Published online Nov 24, 2021. doi: 10.5306/wjco.v12.i11.1047
Peer-review started: March 26, 2021
First decision: June 16, 2021
Revised: June 22, 2021
Accepted: October 25, 2021
Article in press: October 25, 2021
Published online: November 24, 2021
Processing time: 237 Days and 17.6 Hours
There is no standardized clinical consensus for the evaluation of the surgical specimen in patients with non-small cell lung cancer (NSCLC) who have received neoadjuvant treatment with chemotherapy, radiotherapy, or a combination of both.
Following the recently published recommendations by the International Association for the Study of Lung Cancer (IASLC) for the pathological evaluation of tumors and lymph nodes, we analyzed the radiological and pathological response of patients treated with neoadjuvant chemotherapy or chemoradiotherapy.
Our intention was to contribute to the IASLC recommendations with clinical results that reflect the differences in the response to neoadjuvant therapy with chemoradiotherapy vs chemotherapy.
We performed a retrospective analysis of patients with resectable stage III NSCLC treated with chemotherapy or chemoradiotherapy as neoadjuvant treatment followed by surgery.

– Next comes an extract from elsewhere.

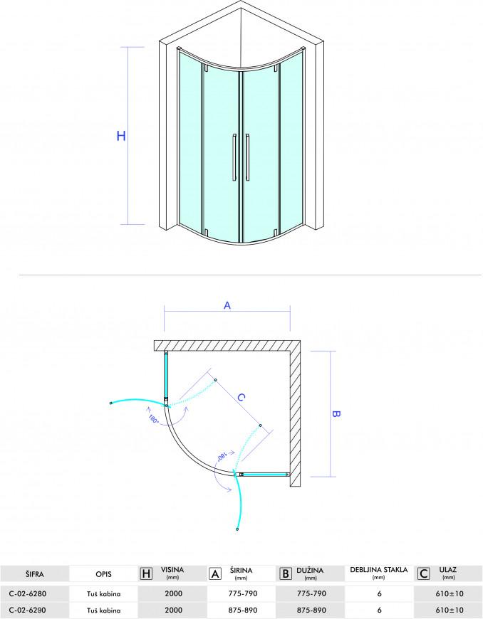 Tuš kabina CONCEPT ABSOLUT R800x2000 staklo 6mm prozirno sa zaokretnim vratima – bez tuš kade

All histological samples were examined to assess pathological response by the percentage of viable cells in the tumor and the resected lymph nodes.
We observed better results in the chemoradiotherapy group for both radiological and pathological response, with a lower risk of persistence of cancer cells in the tumor and resected lymph nodes, and with a greater probability of achieving downstaging.
In this study we observed a greater response to neoadjuvant treatment when adding radiotherapy to chemotherapy. We believe that this could contribute to improving the management of this group of patients.
Longer follow-up of these patients is necessary to establish a relationship between pathological response and clinical outcomes.